A fluent interface (as first coined by Eric Evans and Martin Fowler) is an implementation of an object oriented API that aims to provide for more readable code. A fluent interface is normally implemented by using method chaining to relay the instruction
Context of a subsequent call (but a fluent interface entails more than just method chaining ).

The following section describes the typical application of a smooth interface in constructing an internal DSL.

1. Basic Semantic Abstraction

To output the numbers 0 .. 4, we generally first think of code like this:

//Javafor (int i = 0; i < 5; ++i) {    system.out.println(i);}

Although Ruby also supports a similar for loop, the simplest is the following implementation:

//Ruby5.times { |i| puts i }

Everything in ruby is an object. 5 is an instance of the fixnum class. Times is a method of fixnum and it accepts a block parameter. Compared with for loop implementation, Ruby's Times method is simpler and more readable. However, if you are familiar with OOP, you may wonder if times should be used as an integer method? In Oop, a method call usually refers to sending a message to an object, changing or querying the object state. The Times method is obviously not querying or modifying the status of an integer object. If you are the ruby designer, will you put the Times method into the fixnum class? If the answer is no, what does Ruby's design actually mean? In fact, although times is just a common class method, its purpose is different from that in the general sense. Its semantics is actually similar to the Basic Semantics of a language like for loop, it can be considered as a basic custom semantics. The meaning of times has jumped out of the box of class methods to a certain extent, and has taken a step towards the problem domain!

In another example, Eric Evans uses two time points to construct a time period object. The general design is as follows:

//JavaTimePoint fiveOClock, sixOClock;TimeInterval meetingTime = new TimeInterval(fiveOClock, sixOClock);

The Design of Evans is as follows:

//JavaTimeInterval meetingTime = fiveOClock.until(sixOClock);

According to the traditional OO design, the until method should not appear in the timepoint class. Here, the until method of the timepoint class also represents a custom Basic Semantics, this makes the problem of expressing time domains more natural.
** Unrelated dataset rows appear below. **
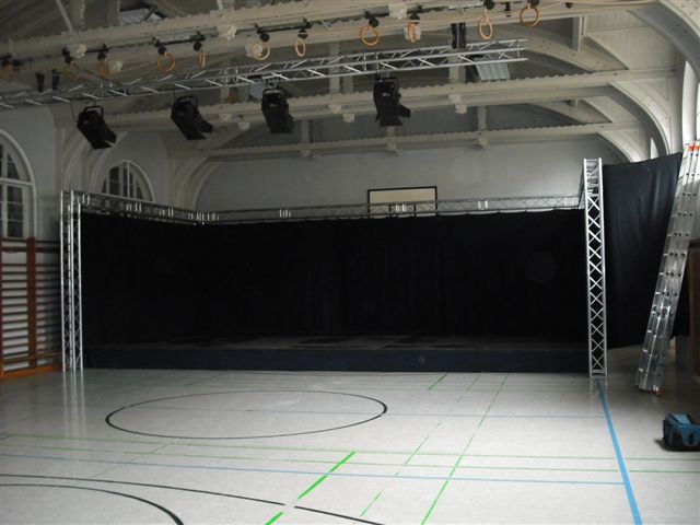 Theater - Projekttage in der Julius-Leber-Schule in Lübeck, 50 qm- Bütecs mit Theater-Beleuchtung von Musikladen Rostock
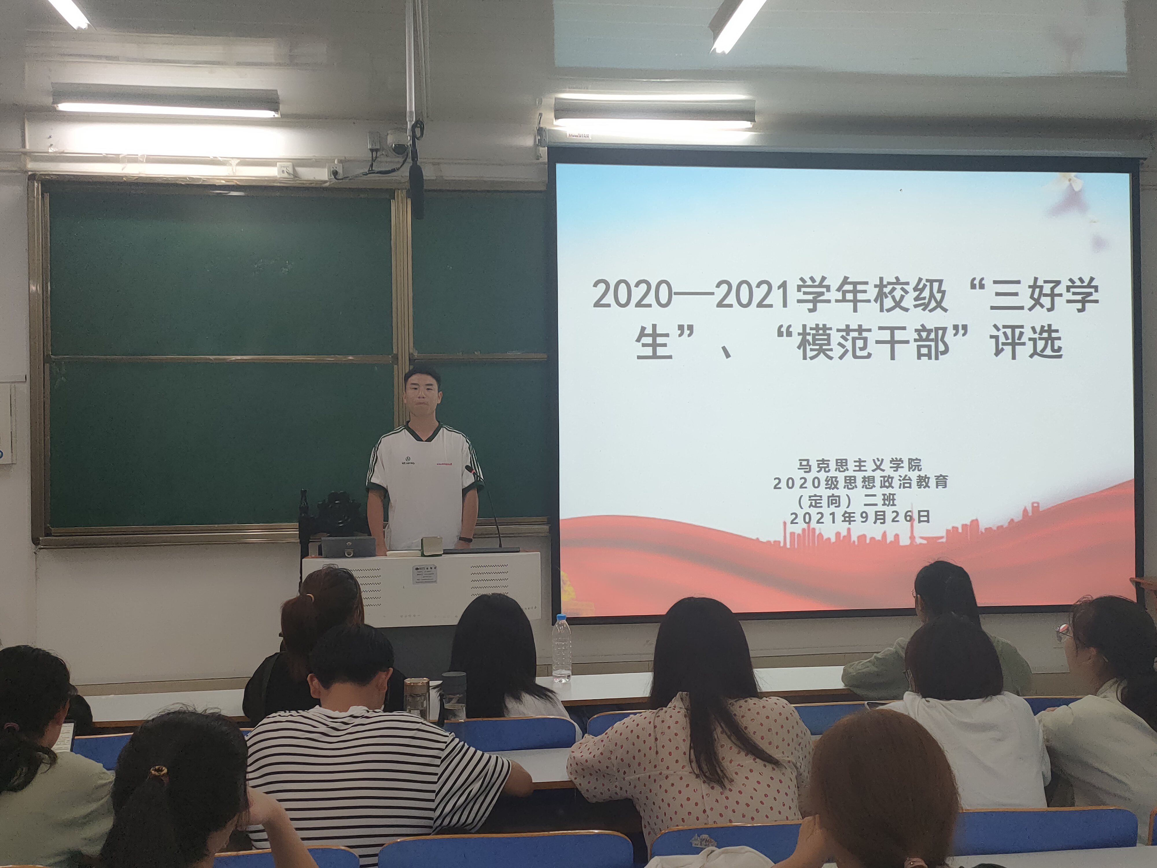 9月26日晚上,德赢AC米兰官网2020级思想政治教育定向二班“三好学生”“模范干部”评选会在社科楼514教室顺利召开。定向二班全体同学参与本次会议。
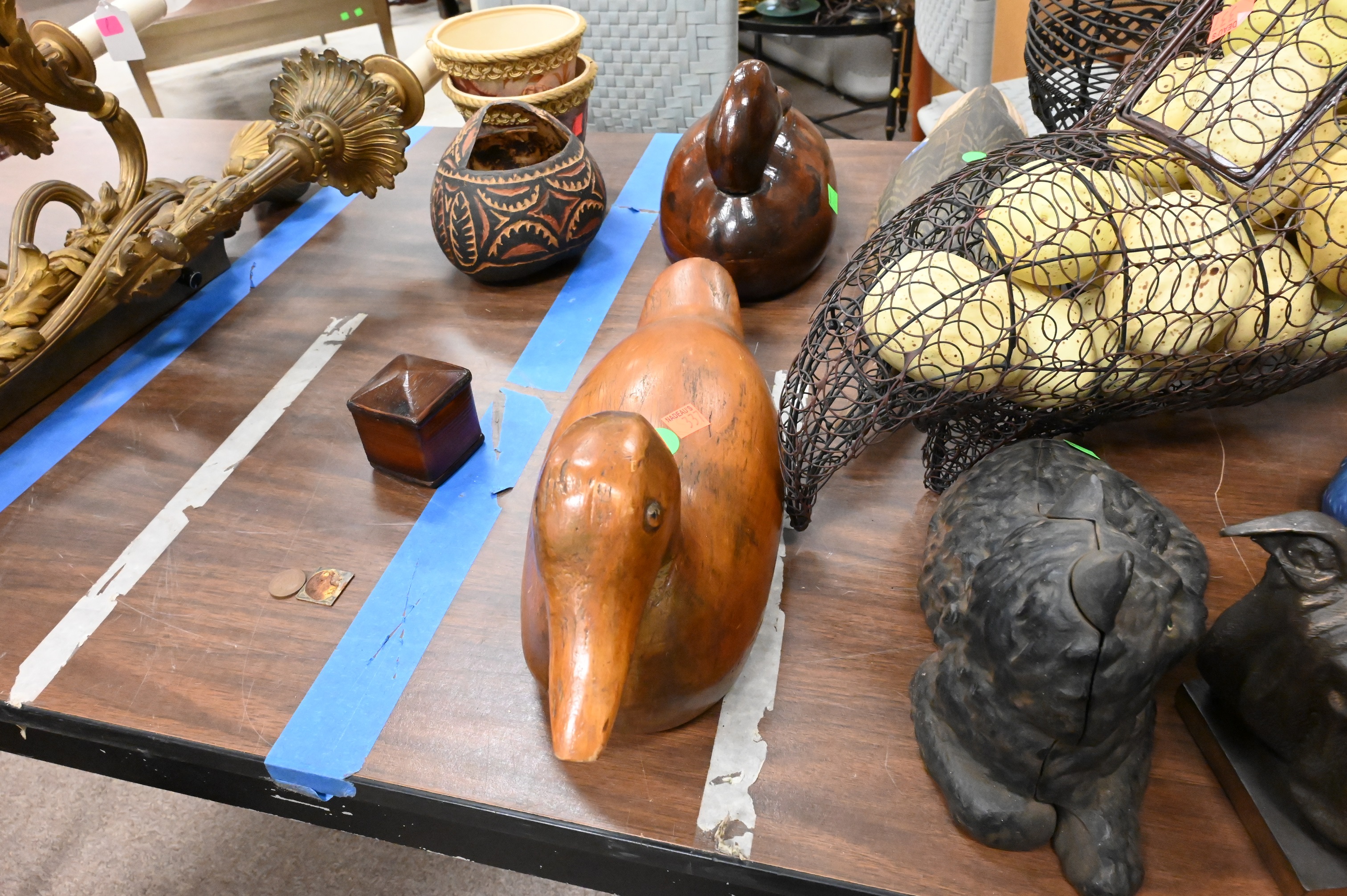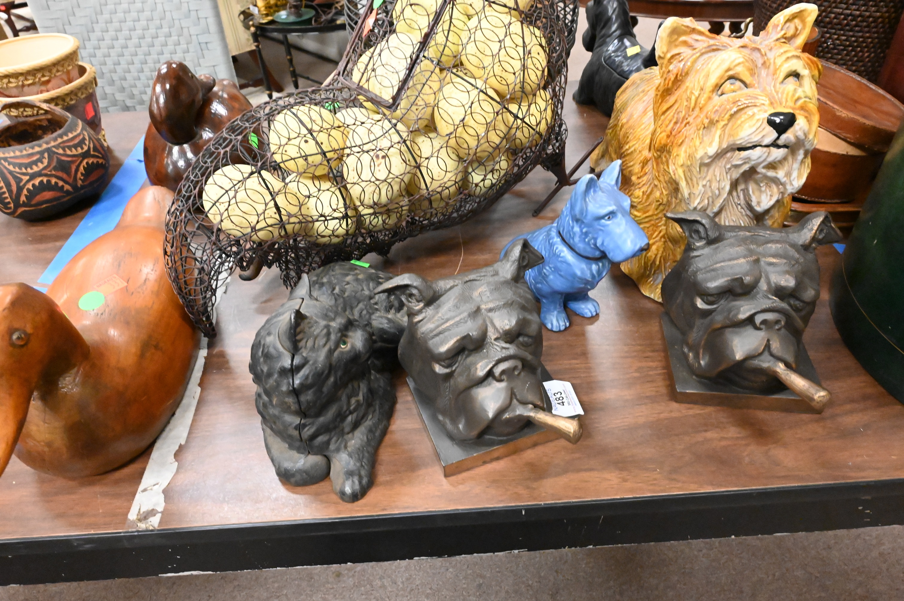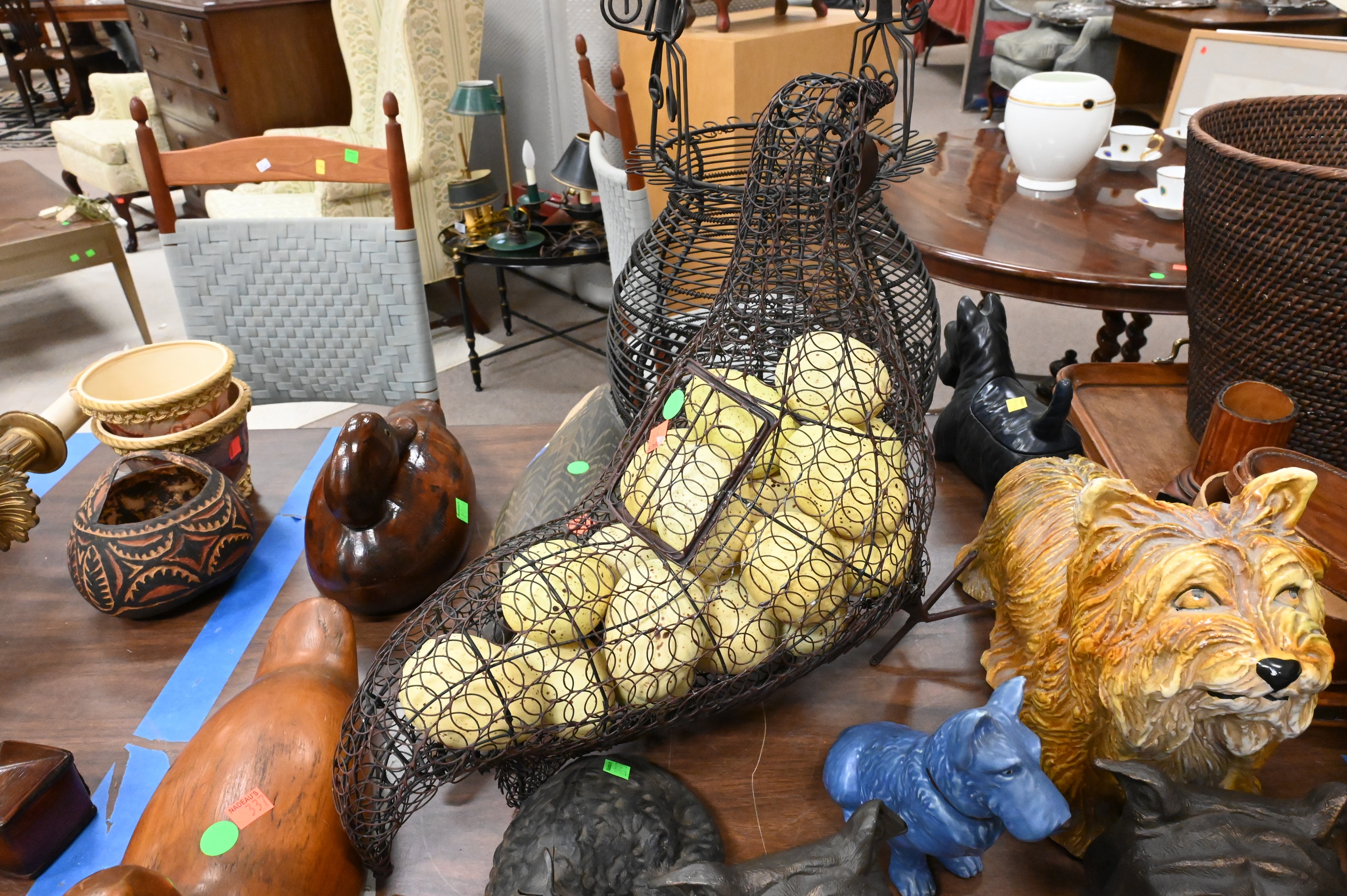 to include Italian ceramic yorkie, Will Kirkpatrick carved duck, wire chicken with urn, along with additional dog/yorkie sculptures
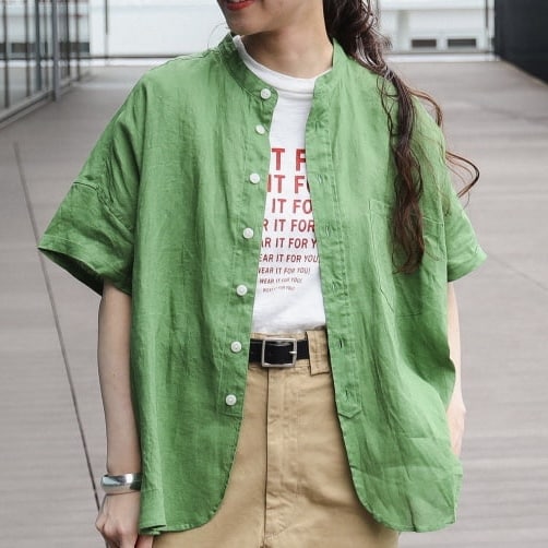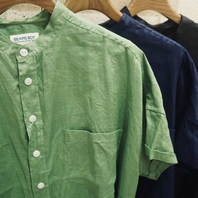 【7/4新規値下げ】BEAMS BOY / リネン ソリッド スタンドカラーシャツ
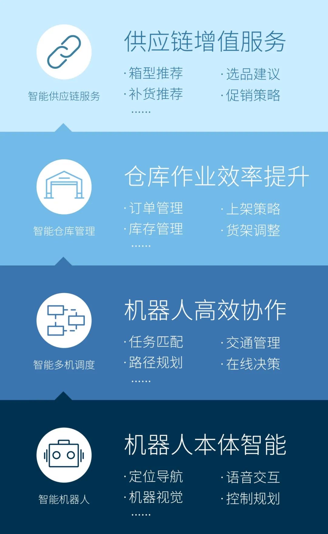 极智嘉通过积累大量的业务运营数据和经验,构建和打磨了业界领先的完整AI算法体系,从机器人本体智能到多机器人群体协同,从仓库作业运营到供应链增值服务,覆盖智慧物流业务全流程/全场景,为客户供应链效率提升提供强有力的支撑。
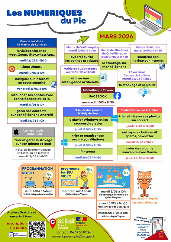 Ci-contre le programme des ateliers numériques proposés par Les Numériques du Pic pour le mois de Mars 2026.
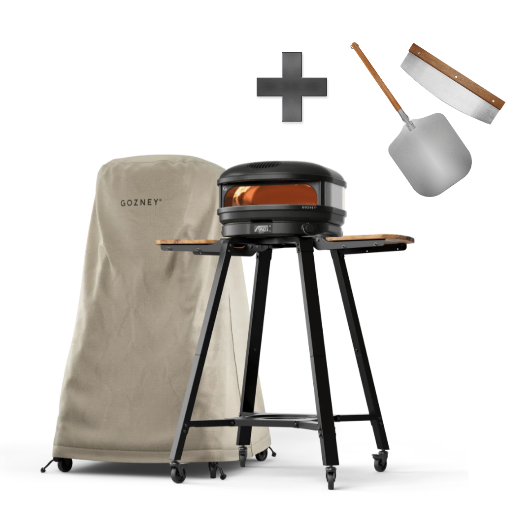 GozneyArc XL Pizzaofen Off-Black Must-Haves Bundle inkl. Pizzaschieber und Wiegemesser mit Tisch und Abdeckhaube
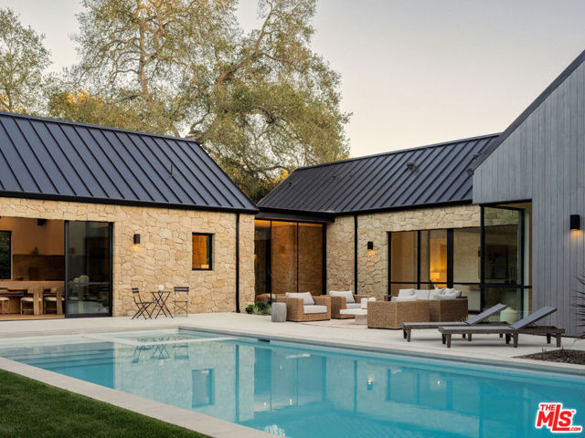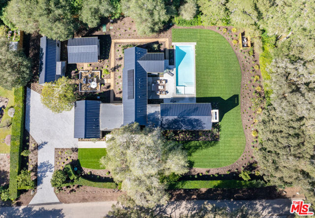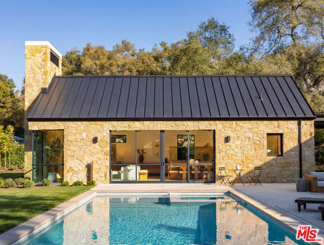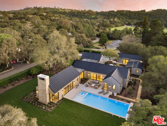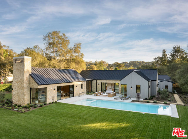 Set on approximately 1.1 flat acres along a serene, walkable Hope Ranch street, this brand new construction, single-level private sanctuary designed by Montecito Ferguson-Ettinger architects, captures the California modern farmhouse essence. The main residence unfolds with 4 bedrooms, each graced with its own ensuite bathroom, while a great room anchored by a Santa Barbara sandstone fireplace invites intimate gatherings. The gourmet Space Theory kitchen, features custom white oak cabinetry, luminous Taj Mahal quartzite, & Thermador appliances for the culinary enthusiast. A private ADU offers gracious hospitality, while a dedicated office/studio building & yoga studio above the 3-car garage provide spaces for creativity & wellness. Outside, a sparkling pool beckons amid meticulously landscaped grounds. Fleetwood doors dissolve boundaries between indoors & out, while Lutron lighting & shades, solar panels, & a standing-seam metal roof reflect thoughtful stewardship. This is Hope Ranch living reimagined.
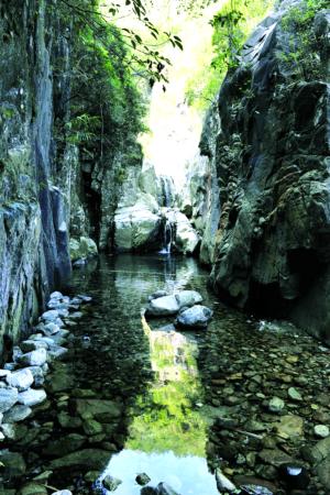 沿著黃巢山盤旋而上,到半山時下車,順山腰行20分鐘,就進到峽谷。谷底是滿眼美麗的鵝卵石———這是峽谷下游的河床,溪水蜿蜒數(shù)公里,再匯入晉江。冬季水枯,光溜溜的鵝卵石,密布河床。潺潺溪水,沖出圈圈水紋,太陽映在潭底,光影動人。
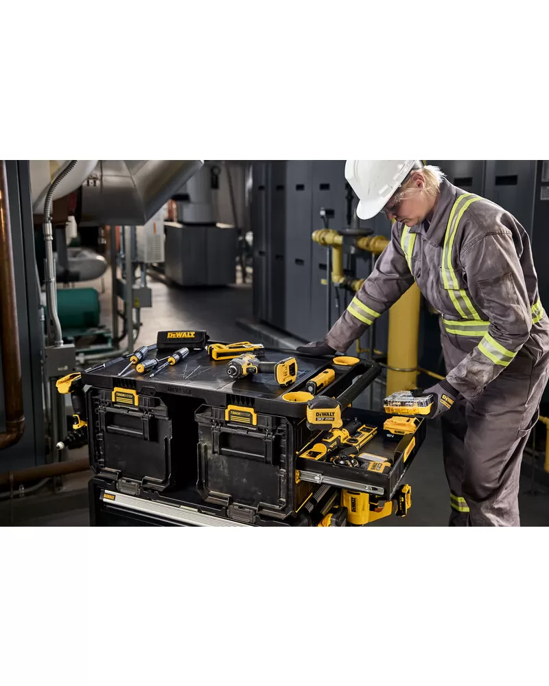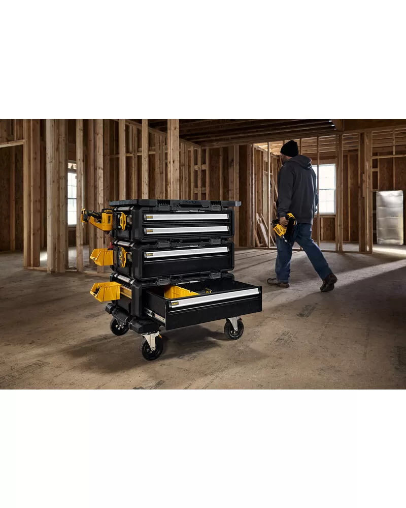 Skladujte, zabezpečte, převážejte a pracujte s pracovištěm TOUGHSYSTEM® 2.0 DXL™. Tato efektivní platforma produktivity se skládá ze 4 nezávislých produktů, které lze různě uspořádat, a v současné době neexistuje nic, co by nabízelo podobné možnosti pro komerční staveniště. Odolný terénní vozík, univerzální možnosti zásuvek a funkční pracovní deska dohromady vytvářejí univerzální pracovní stanici, která zajišťuje dostupnost nářadí, ať už vás práce zavede kamkoli.
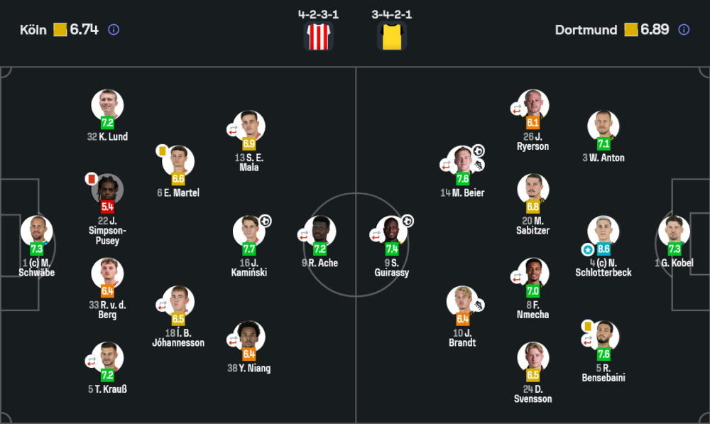 โคโลญจน์มาในระบบ 4-2-3-1 เน้นขึ้นเกมเร็วและโจมตีด้านข้าง มีช่วงต้นเกมที่กดดอร์ทมุนด์ได้ดี แต่ปัญหาชัดเจนคือจังหวะสุดท้ายไม่คมพอ ส่วนดอร์ทมุนด์ยืน 3-4-2-1 เล่นรัดกุมกว่าและใช้พื้นที่ระหว่างไลน์ได้มีประสิทธิภาพกว่า
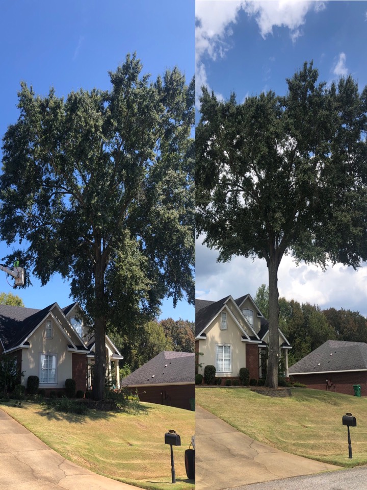 Raising canopy on Water Oak in front yard and removing all debris
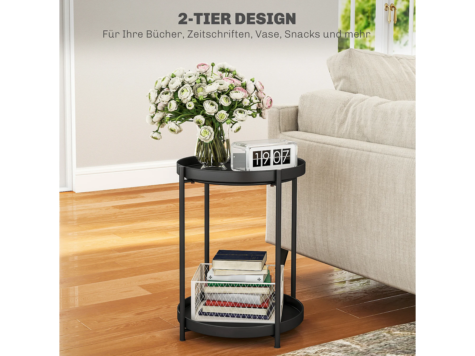 Tavolino laterale rotondo, tavolino da caffè a 2 ripiani, struttura in acciaio, tavolino rimovibile, nero
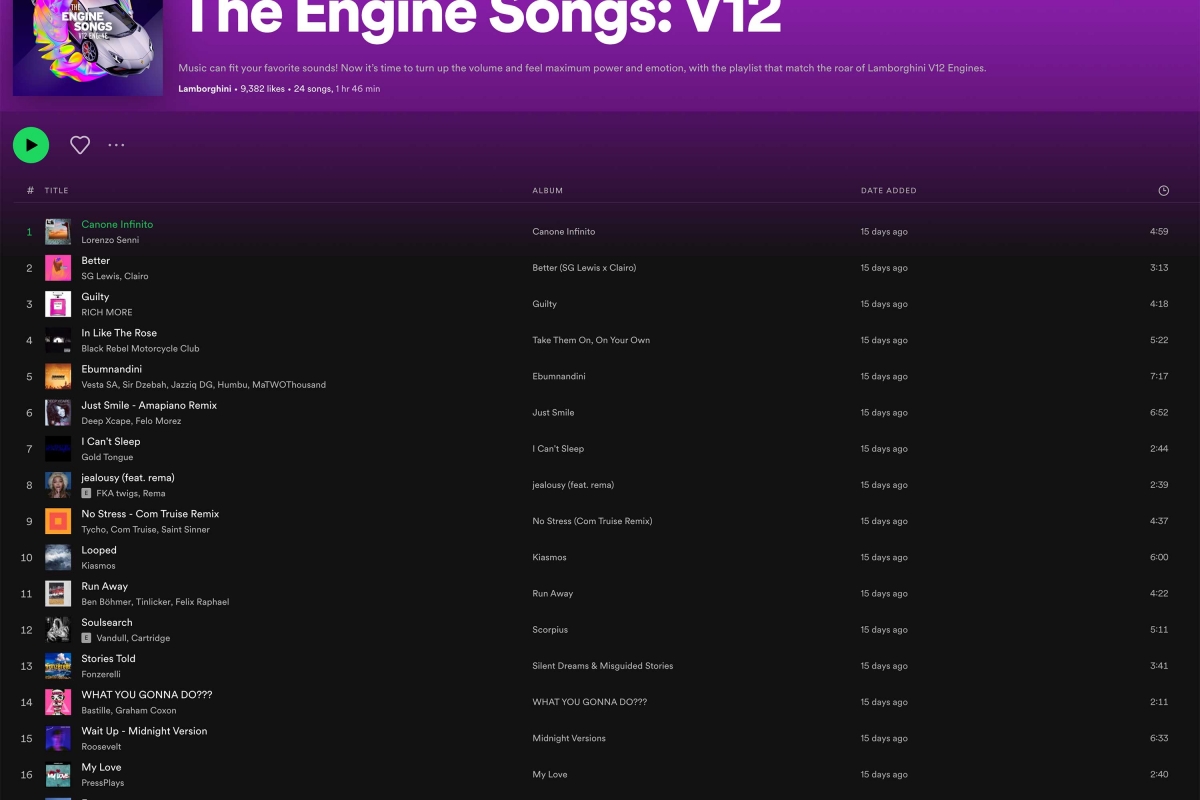 A Lamborghini presta homenagem às melodias únicas dos seus motores de combustão interna, os V12 e V10 naturalmente aspirados, e o V8 biturbo, com três listas de reprodução de 24 faixas, disponíveis no Spotify, que incluem capas criadas pelo designer gráfico Vasjen Katro.
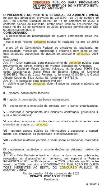 Atualizações sobre o Concurso INEA RJ! O Instituto Estadual do Ambiente instituiu a comissão responsável pelo planejamento do novo concurso público do órgão.
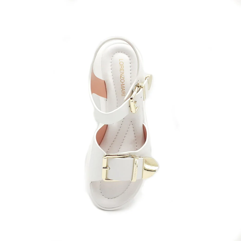 - Sandali Donna Con Zeppa Latte H 6 cm in Vitello Lorenzo Mari
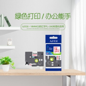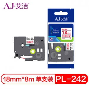 艾洁 标签带18mm白底红字 PL-242 适用兄弟PT-1010;1100CH;1280;1400;18R TZe-242标签机色带

Although the two simple examples above do not show much advantage over the ordinary design, it lays the foundation for us to understand the smooth interface. The important thing is that they have jumped out of the limitations of the basic language abstraction mechanism to a certain extent. We should not use the law of Demeter) and so on.

2. Pipeline Abstraction

In Shell, we can combine a series of small commands through pipelines to implement complicated functions. A single type of text stream flows flow in the pipeline, and the computing process is the conversion process from the input stream to the output stream. Each Command is a transformation of the text stream, adds functions through pipelines. In Shell, we often need only one sentence to complete small and medium scale issues such as log statistics. Compared with other abstract mechanisms, pipelines are not nested. For example, the following section of the C program is not easy to understand because of its deep hierarchy:

//Cmin(max(min(max(a, b), c), d), e)

Using pipelines to express the same function is much clearer:

//Bashmax a b | min c | max d | min e

We can easily understand the meaning of this program: calculate the maximum value of A and B first, then take the result and C to the minimum value, and then the result and D to the maximum value; then calculate the minimum value of the result and E.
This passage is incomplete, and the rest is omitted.